Вновь подтверждается то, что историческая действительность существует для нас и удерживается в характерной для нее форме благодаря особого рода «зрению». В формировании времени мы обнаруживаем аналог тем определениям, которые мы получили по ходу анализа сознания пространства. Подобно тому как там мы отличали «пространство действия» от «пространства символа», во временной сфере нами проводится аналогичное различие. Любое происходящее во времени действие как-то артикулировано; оно соотносится с последовательностью и порядком следования — без них оно не могло бы сохраняться как единое и связное целое. Но между упорядоченной последовательностью событий и чистым созерцанием самого времени и отдельных его отношений все же пролегает большая дистанция. Уже жизнь животных протекает в сложнейших тончайшим образом артикулированных действиях. Живой организм может сохраняться в рамках окружающей его среды только за счет правильного «ответа» на приходящие из нее стимулы. Такой ответ всегда включает в себя определенную последовательность, временную связь отдельных моментов действия. То, что мы обычно называем «животным инстинктом», в конечном счете восходит к тому, что ситуации, в которые попадает животное, всякий раз вызывают серии действий, где каждое из звеньев цепи наделено определенной направленностью. Но единство направленности, проявляющееся при совершении действия, не дано животному, не «репрезентируется» в его сознании. Для взаимной увязки стадий и фаз животному не требуется «субъективное» их «уловление» и постижение со стороны «Я». Скорее, животное само уловлено такой последовательностью действий. Оно не способно произвольно ее нарушить, прервать эту последовательность за счет представления себе отдельных ее моментов. Не более для него возможно и необходимо предвидение будущего, его антиципация посредством образа или идеального проекта. Только у человека появляется новая форма деяния, коренящаяся в новой форме временного видения. Он различает, избирает, направляет, и само это «направление» включает продление самого себя в будущее. То, что ранее было жесткой цепью реакций, теперь образует текучий и подвижный ряд, центрированный на самом себе, где каждое звено определяется отнесенностью к целому. Эта способность «предвидеть и глядеть назад» составляет подлинную сущность и основную функцию человеческого «разума»99 . В одном и том же акте эта способность и «дискурсивна», и «ин-

145

туитивна»: она должна отличать друг от друга отдельные временные стадии и четко их артикулировать, чтобы затем вновь соединить их в одном синопсисе. Только такие временные дифференциация и интеграция придают действию его духовную чеканку, обеспечивающую как свободное движение, так и постоянную направленность этого движения к единству цели.
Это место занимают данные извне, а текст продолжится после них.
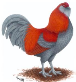
Blue Wheaten Portrait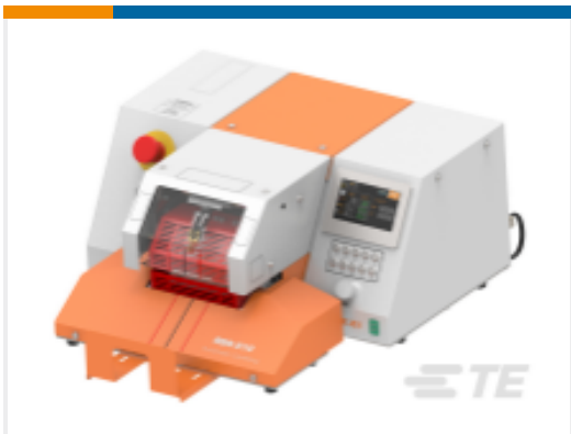
TE Part # 2376800-2 RBK-X1C CE STD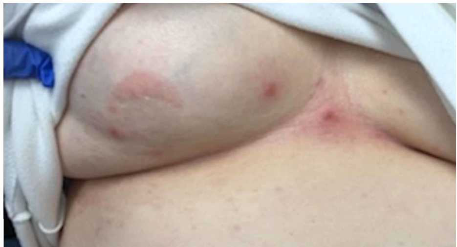
FIGURE 4: Lesions on anterior chest and left breast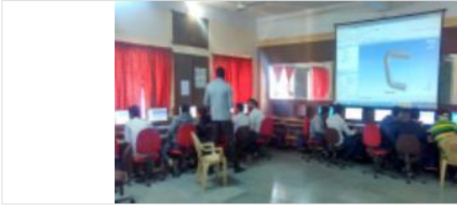
ANSYS Training, Mechanical 6th Sem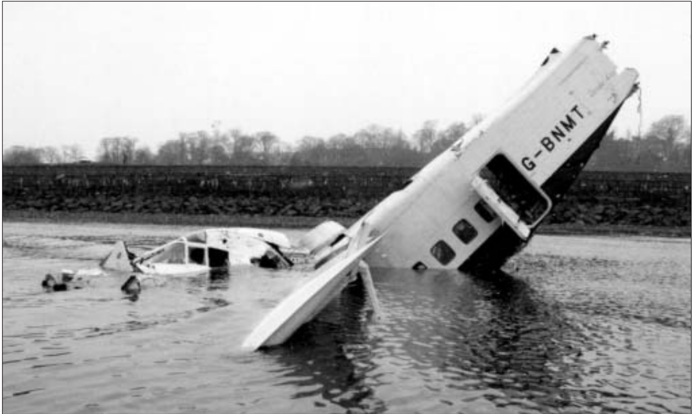
When investigators arrived at the accident site, the tide had receded and the airplane was only partly submerged in seawater.

“After a short delay, the aircraft [was] powered back off stand and taxied to depart from Runway 06,” the report said. “While taxiing, as part of the first-flight-of-the-day engine checks, the crew carried out [a propeller] autofeather test, during which the automatic operation of the engine anti-icing vanes to fully deploy and return was also observed.”

Из этого следует, что мы не должны рассекать единство временного сознания таким образом, что то одно, то другое базисное его определение изолируется и наделяется особой и исключительной ценностью. Как только одна из временных фаз обособляется от других и одновременно превращается в норму для других, мы получаем уже не целостный духовный образ времени, но частную перспективу, будь она даже безусловно значимой. Мы уже видели, как подобные различия перспектив временного «видения» обнаруживаются в формировании мифологической картины мира. В зависимости от того, делается ли ударение (мыслью и чувством) на прошлом, настоящем или будущем, возникают расходящиеся мифологически-религиозные созерцания и толкования мирового процесса100. Но то же самое различие сохраняется в сфере чисто понятийного, «метафизического» толкования. Есть формы метафизики, принадлежащие совершенно определенному типу созерцания времени, — можно сказать, им плененные формы. Если Парменид и Спиноза воплощают чистый тип «настоящего» в метафизическом мышлении, то метафизика Фихте целиком определяется взглядом в будущее. Но такая односторонняя ориентация творит насилие над феноменом времени, она расчленяет его и тем самым ведет его к гибели. Ни один мыслитель не выступал против этого расчленения и уничтожения столь энергично, как Бергсон; можно даже сказать, что структура и развитие его учения от «Essai sur les données inmédiates de la conscience» до «Evolution créatrice» становятся понятными только с учетом этого момента. Заслугой метафизики Бергсона остается то, что он перевернул отношение зависимости, содержавшееся в прежней онтологии между сферами бытия и времени. Образ времени формируется здесь не по модели догматически закрепленного понятия бытия, но действительность и метафизическая истина определяются согласно чистой интуиции времени.

Но отвечает ли этому столь четко выдвинутому требованию учение самого Бергсона? Придерживается ли оно исключительно созерцания первичной данности времени, «чистой длительности», или же к его описанию примешиваются некие «предпосылки», «пред-данности» и «предрассудки»? Чтобы выяснить это, нам нужно вернуться к бергсоновской теории памяти. Материя и память представляют собой два краеугольных камня и два противоположных полюса метафизики Бергсона. Подобно тому как старая метафизика проводила строгую разделительную линию между протяженной и мыслящей субстанциями, между телом и душой, в системе Бергсона память отделяется от материи. Одна из них никоим образом не сводится к другой — например, попытки определить память как «функцию органической материи» приводят к противоречиям. Попытки такого рода, по Бергсону, вообще предпринимаются лишь до тех пор, пока не были проведены четкие различия между двумя основными формами того, что обычно называют «памятью». Существует чисто ма-

146

териальная память, состоящая из серии заученных движений, т.е. имеющая форму привычки. Но от такого рода памяти движений с ее механизмами и автоматизмами принципиально отличается подлинная духовная память. С нею мы оказываемся уже не в царстве необходимости, но в царстве свободы; не среди вещей с их принудительностью, но в центре «Я», чистого самосознания. Истинным «Я» будет тогда не действующее и выходящее вовне, но то «Я», которое способно чистым воспоминанием идти во времени и обнаруживать себя в его глубинах.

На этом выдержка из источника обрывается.